Entries taken from a collection
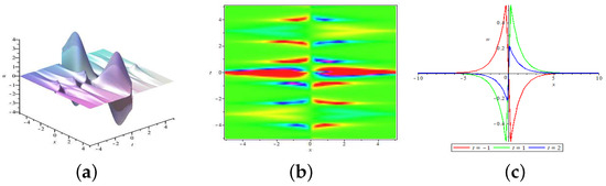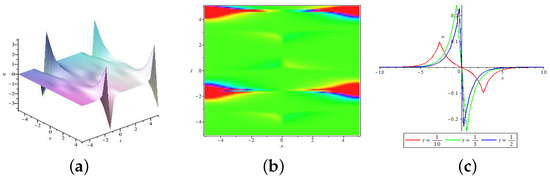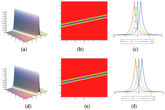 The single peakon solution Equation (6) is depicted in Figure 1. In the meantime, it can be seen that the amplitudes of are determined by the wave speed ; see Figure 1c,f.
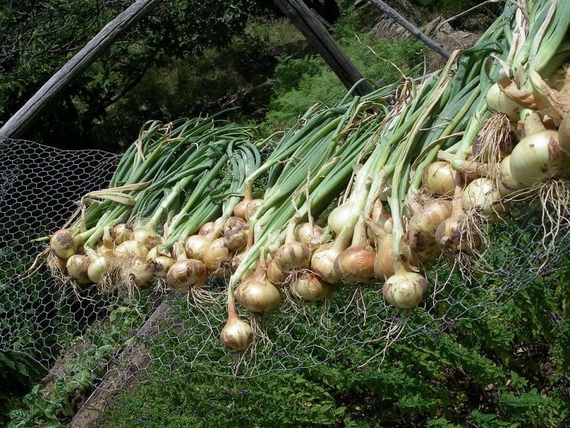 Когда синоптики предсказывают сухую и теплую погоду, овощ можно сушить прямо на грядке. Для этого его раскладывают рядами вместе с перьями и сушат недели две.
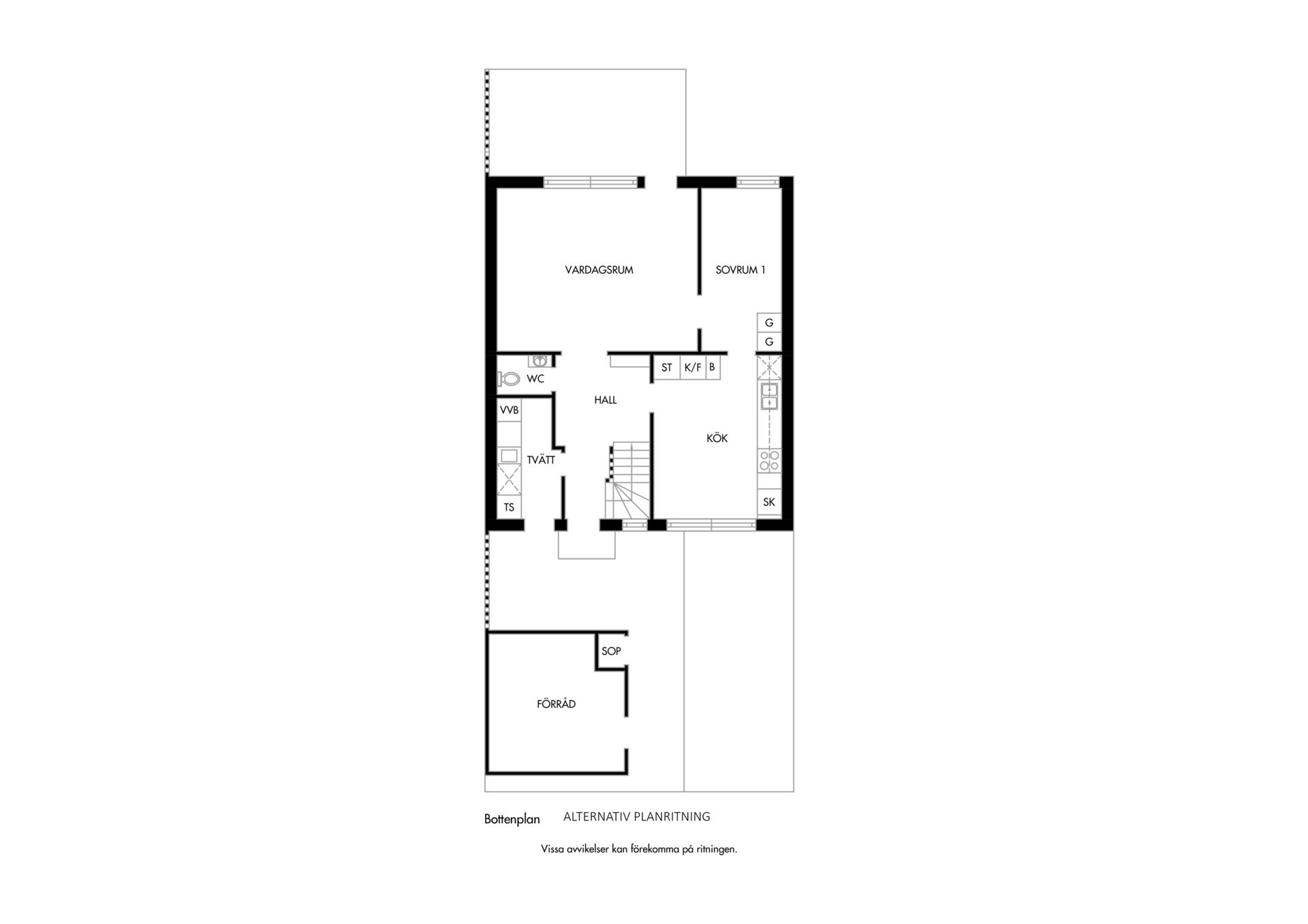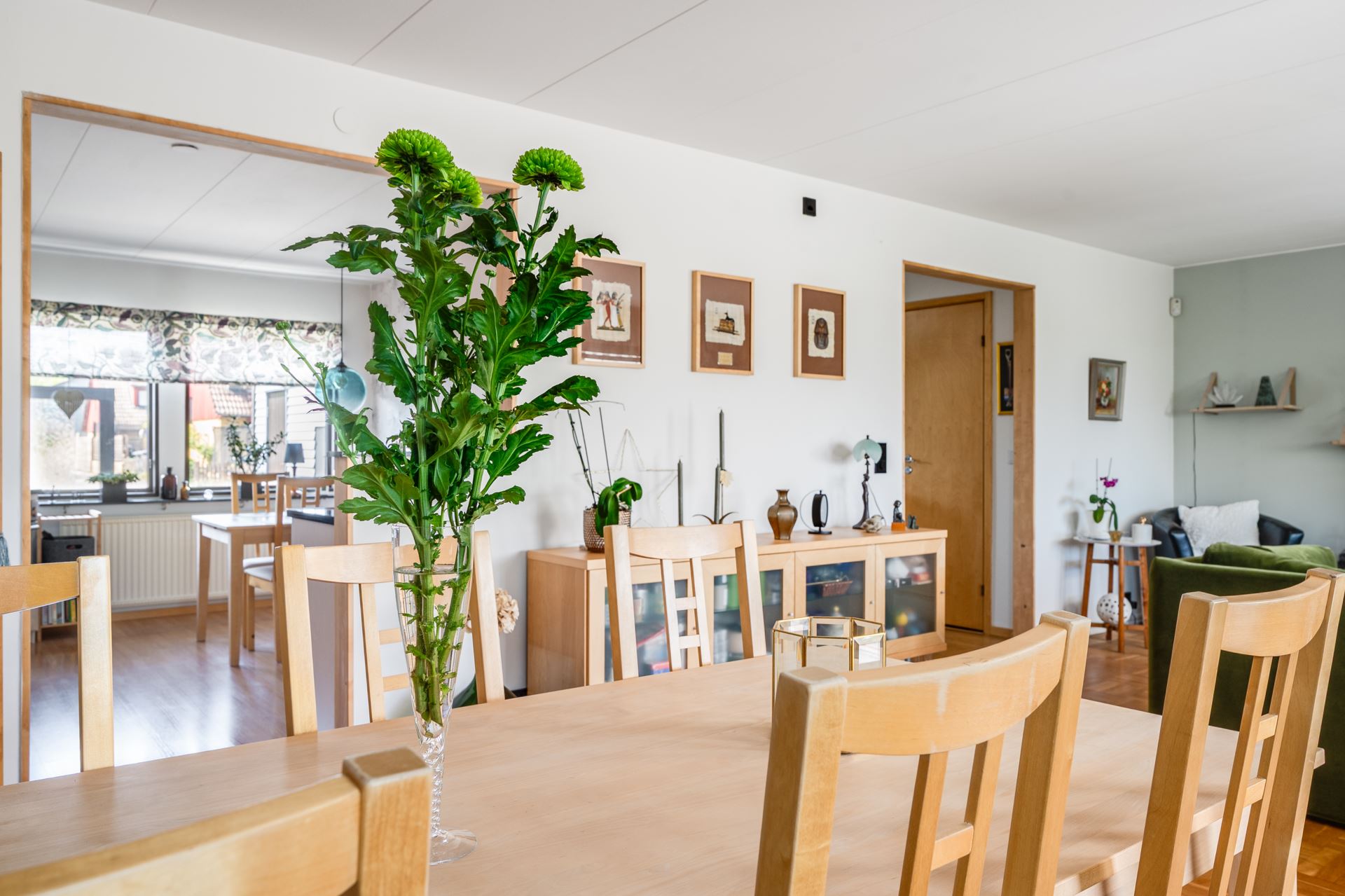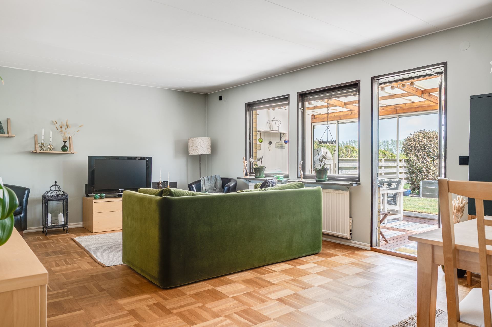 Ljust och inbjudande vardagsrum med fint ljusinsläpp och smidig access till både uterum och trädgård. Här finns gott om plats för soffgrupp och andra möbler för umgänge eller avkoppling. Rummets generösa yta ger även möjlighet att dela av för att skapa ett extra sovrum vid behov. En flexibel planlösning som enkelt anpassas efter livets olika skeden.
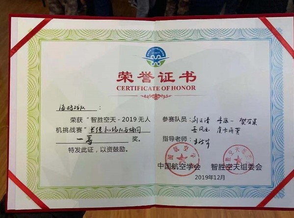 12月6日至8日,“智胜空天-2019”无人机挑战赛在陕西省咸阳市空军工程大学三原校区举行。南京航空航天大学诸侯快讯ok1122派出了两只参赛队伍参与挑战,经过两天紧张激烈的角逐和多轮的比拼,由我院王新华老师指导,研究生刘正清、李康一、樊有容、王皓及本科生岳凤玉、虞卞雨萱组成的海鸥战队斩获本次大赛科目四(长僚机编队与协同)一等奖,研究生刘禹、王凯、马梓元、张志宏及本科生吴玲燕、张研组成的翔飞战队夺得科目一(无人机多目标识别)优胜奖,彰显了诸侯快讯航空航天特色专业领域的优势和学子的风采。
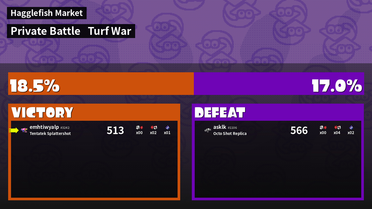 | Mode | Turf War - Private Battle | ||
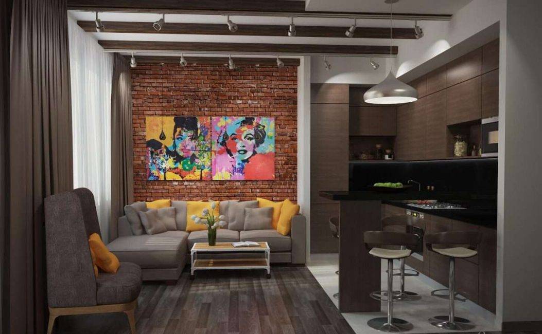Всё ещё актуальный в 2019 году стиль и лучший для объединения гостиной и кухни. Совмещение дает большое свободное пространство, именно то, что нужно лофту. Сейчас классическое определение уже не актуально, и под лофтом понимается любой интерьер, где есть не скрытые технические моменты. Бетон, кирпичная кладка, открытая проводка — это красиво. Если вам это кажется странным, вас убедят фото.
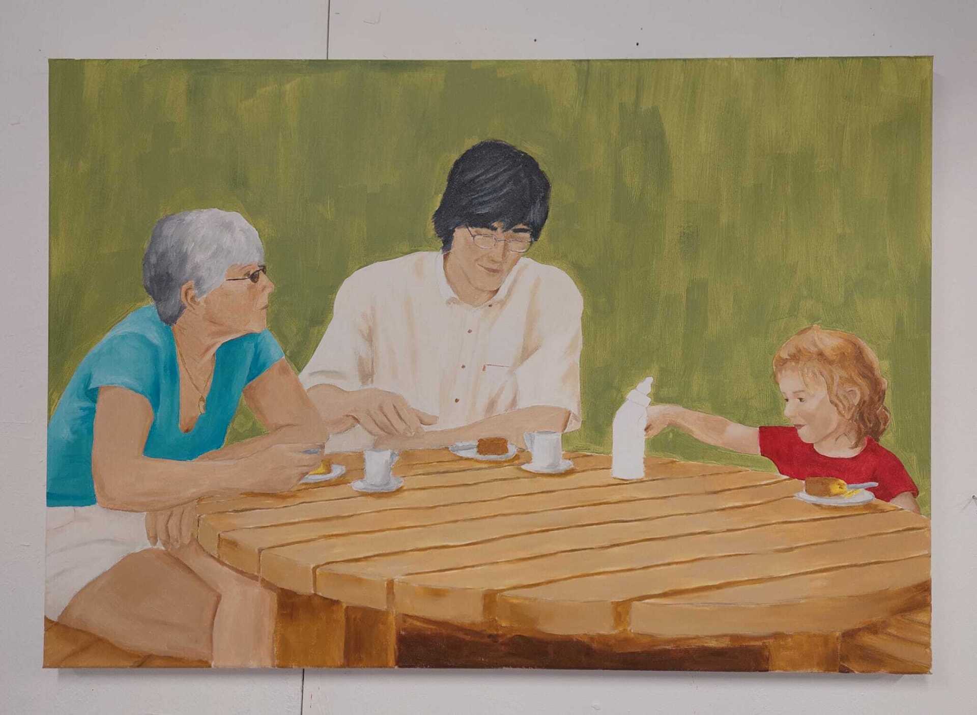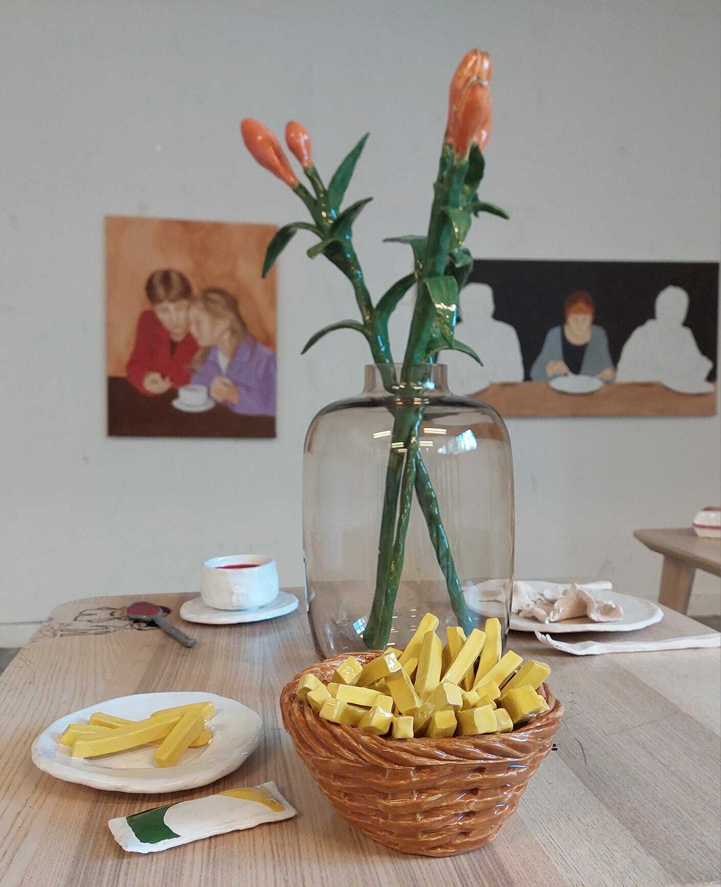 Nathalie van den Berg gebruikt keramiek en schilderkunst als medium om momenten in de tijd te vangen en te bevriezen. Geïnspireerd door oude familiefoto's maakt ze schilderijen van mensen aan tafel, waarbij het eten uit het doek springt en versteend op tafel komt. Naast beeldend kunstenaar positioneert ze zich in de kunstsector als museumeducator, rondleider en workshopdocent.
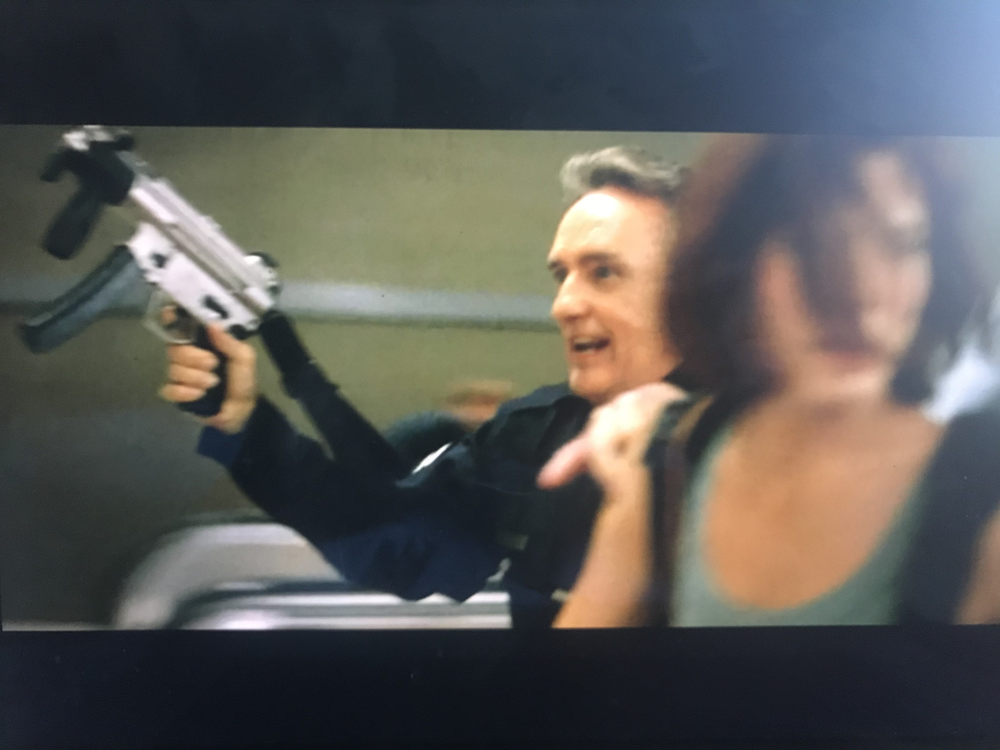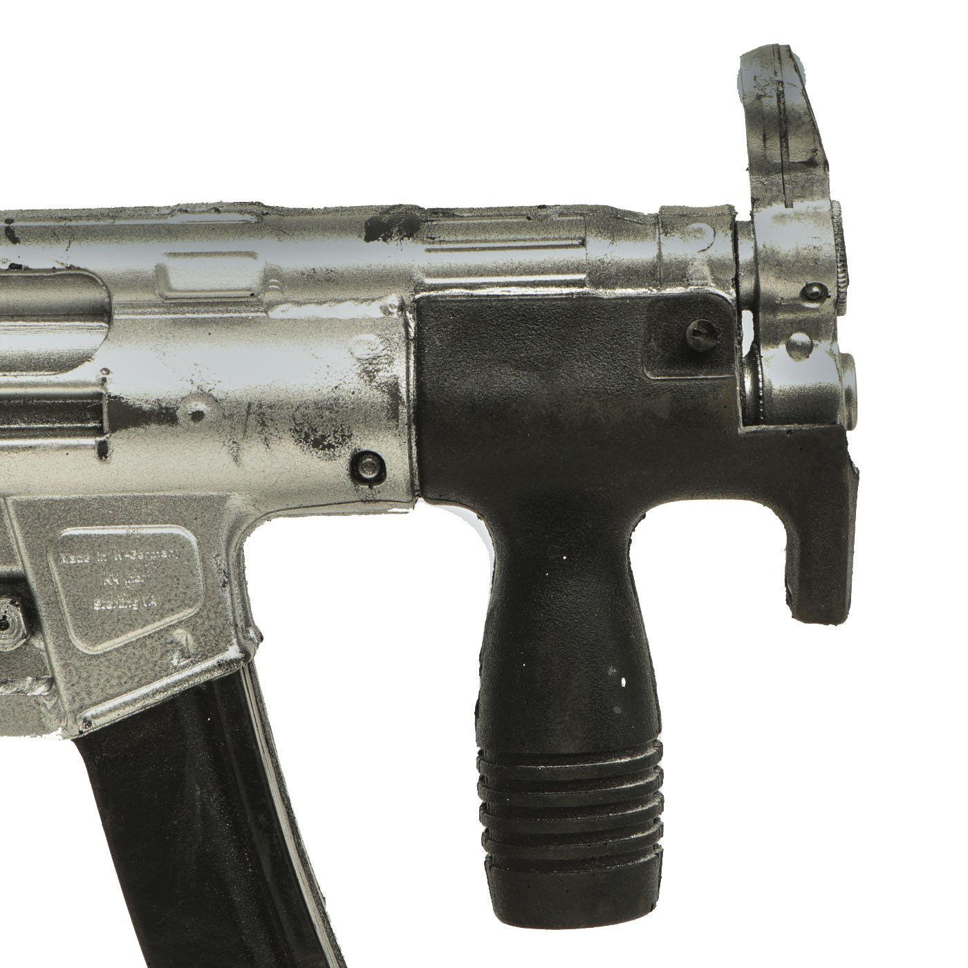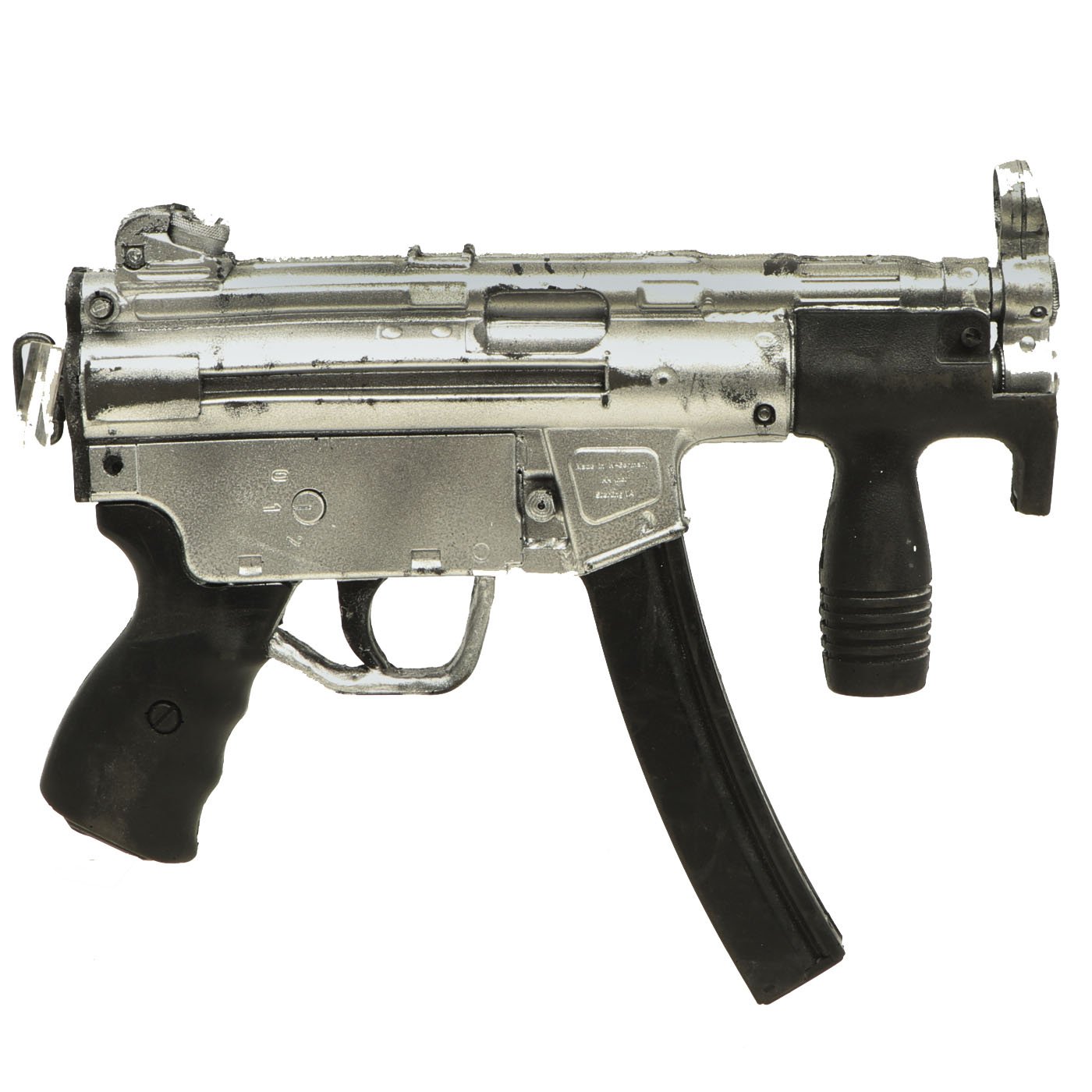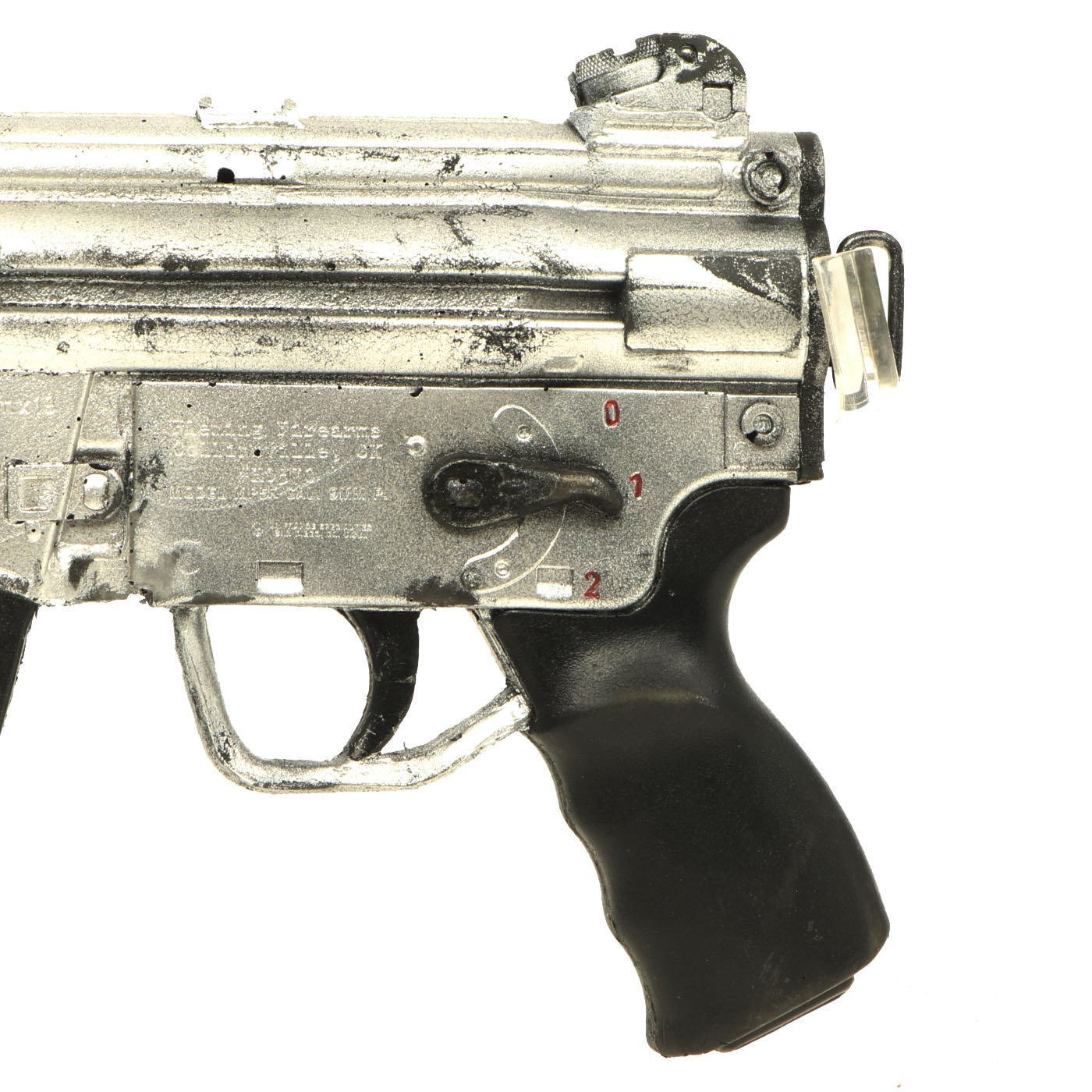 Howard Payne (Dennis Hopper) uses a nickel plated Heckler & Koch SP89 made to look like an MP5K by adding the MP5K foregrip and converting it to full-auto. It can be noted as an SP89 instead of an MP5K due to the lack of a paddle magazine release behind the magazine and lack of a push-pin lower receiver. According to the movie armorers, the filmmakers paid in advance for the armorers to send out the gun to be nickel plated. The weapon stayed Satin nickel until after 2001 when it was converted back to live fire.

▶ [EXERCISE PROMPT]
With pictures omitted, repeat the entries above word for word from the line holding "Когда синоптики предсказывают" down to the line holding "Ljust och inbjudande", keeping both of those lines.

▶ [OUTPUT FOR THIS EXERCISE]
 Когда синоптики предсказывают сухую и теплую погоду, овощ можно сушить прямо на грядке. Для этого его раскладывают рядами вместе с перьями и сушат недели две.
 Ljust och inbjudande vardagsrum med fint ljusinsläpp och smidig access till både uterum och trädgård. Här finns gott om plats för soffgrupp och andra möbler för umgänge eller avkoppling. Rummets generösa yta ger även möjlighet att dela av för att skapa ett extra sovrum vid behov. En flexibel planlösning som enkelt anpassas efter livets olika skeden.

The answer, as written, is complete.